免疫共沉淀研究显示KLHL3蛋白和NCC之间存在相互作用,进一步验证了KLHL3蛋白是NCC表达的调节因素之一。Lin等[23]构建了携带M131V错义突变的KLHL3敲入小鼠,该小鼠的基因突变与人类KLHL3的M78V突变相对应,研究结果发现,该突变未引起KLHL3蛋白的变化,KLHL3蛋白与WNK1、WNK4蛋白结合完整,但与CUL3蛋白的亲和力降低,导致WNK1、WNK4蛋白的降解失效,下游SPAK/OSR1-NCC磷酸化级联增强,引起小鼠表现出典型的PHAⅡ表型。KLHL3基因突变导致KLHL3蛋白抑制NCC膜表达的作用减弱,靶器官细胞膜NCC表达增加,促进钠氯重吸收,引起高容量性高血压。

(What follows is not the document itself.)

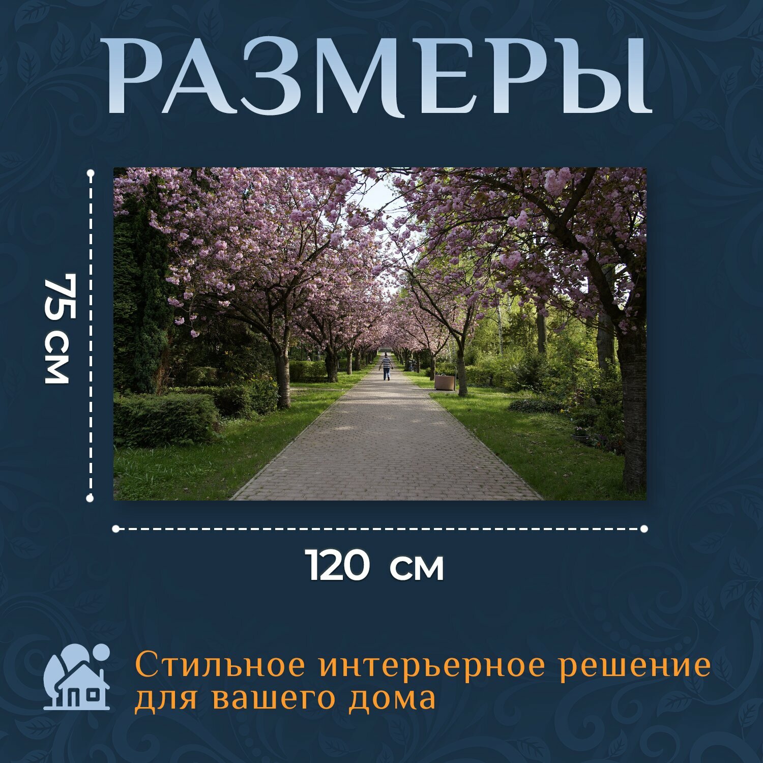 Картина на холсте "Дорожка, вишня в цвету, кладбище" на подрамнике 120х75 см. для интерьера информация:

目前共发现36种KLHL3基因突变与PHA ⅡD有关,突变形式有错义、无义、缺失和剪切位点突变,其中既有显性突变,又有隐性突变。Boyden等[21]发现KLHL3基因隐性突变分布在整个编码区,而KLHL3基因显性突变呈明显的聚集,如16个显性突变中有9个改变了δ环的最后4个氨基酸之一,另外3个显性突变聚集在BTB结构域内。

5 CUL3与PHAⅡE

PHAⅡE的致病基因为CUL3基因,该基因定位于2q36.2。研究发现缺失9号外显子的CUL3基因致病突变体CUL3Δ9可使CUL3蛋白自身类泛素化修饰增加,显著降解KLHL3蛋白,导致WNK蛋白因泛素化降解减少而累积,增强NCC 活性,导致钠重吸收增加[24]。牛伟等[25]提出关于PHAⅡE发病机制的新观点,由于CUL3Δ9与光形态建成调控因子9信号小体(CSN)的结合减弱,导致其无法正常去类泛素化修饰,故其类泛素化修饰处于高水平,使KLHL3蛋白被过度降解而导致底物WNK蛋白积累,通过SPAK/氧化应激反应激酶1 (OSR1)通路激活NCC导致PHAⅡE。

目前已经发现17种CUL3基因突变,突变形式有错义、无义、插入、缺失和剪切位点突变。CUL3基因突变集中在与9号外显子剪切有关的部位,如Shao等[26]发现了1个新的同义突变c.1221A>G (p.Glu407Glu) ,Glover等[27]发现CUL3基因中8号内含子的错义突变c.3826T>G,这些均导致9号外显子的跳跃,激活NCC导致PHAⅡE的发生。

PHA Ⅱ是一种罕见的高血压,家族倾向明显,国内报道极少,对该病的病因学以及临床特征的了解均远远不够。提高对该病的认识,应用高通量二代测序等技术手段开展基因突变检测,并以此开展致病机制研究,或许能为高血压的治疗提供新的思路。